$A=\frac{1}{1}+\frac{1}{10}+\frac{1}{11}+\dots+\frac{1}{19}+\frac{1}{21}+\frac{1}{31}+\dots+\frac{1}{91}+\frac{1}{100}+\frac{1}{101}+\dots$

Question

Consider the series:

$$A=\frac{1}{1}+\frac{1}{10}+\frac{1}{11}+\frac{1}{12}+\dots+\frac{1}{19}+\frac{1}{21}+\frac{1}{31}+\frac{1}{41}+\dots+\frac{1}{91}+\frac{1}{100}+\frac{1}{101}+\frac{1}{102}+\dots$$

The numerator of each term is $1$, and the denominators are the natural numbers that contain the digit $1$.

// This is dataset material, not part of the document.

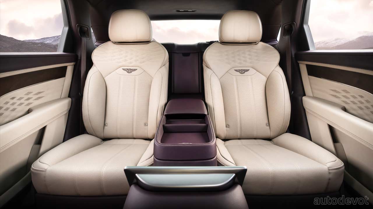 But as you know, the Bentayga EWB is more about that extended rear-seat comfort. Speaking of which, the optional Bentley Airline Seat specification offers 22-ways of adjustment and what is billed as the world’s first auto climate sensing system and postural adjustment technology. In Relax mode, the seat can recline to 40 degrees, while the front passenger seat moves forward and a leather-lined footrest deploys from the back of the front passenger seat.
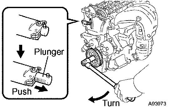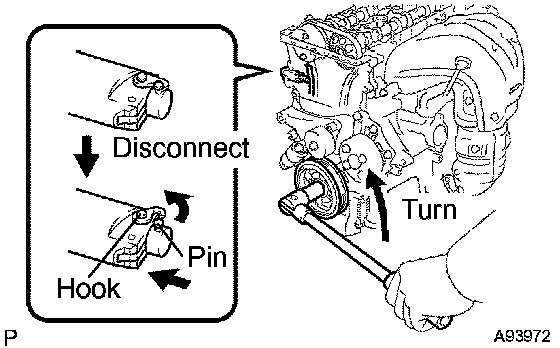 c. Turn the crankshaft counterclockwise and check that the plunger knock pin is disconnected from the hook.

If the denominators, instead, are the natural numbers omitting numbers containing the digit $9$ is called Kempner series, it converges to $22.92067661926415034816...$.

What is the value of $A$?

Does $A$ have an exact form?

Answer 1

$$A\gt\sum_{k=1}^\infty \frac1{10k+1}\gt\sum_{k=1}^\infty\frac1{11k}=\infty $$ Hence the sum determining $A$ does not converge and $A$ does not exist.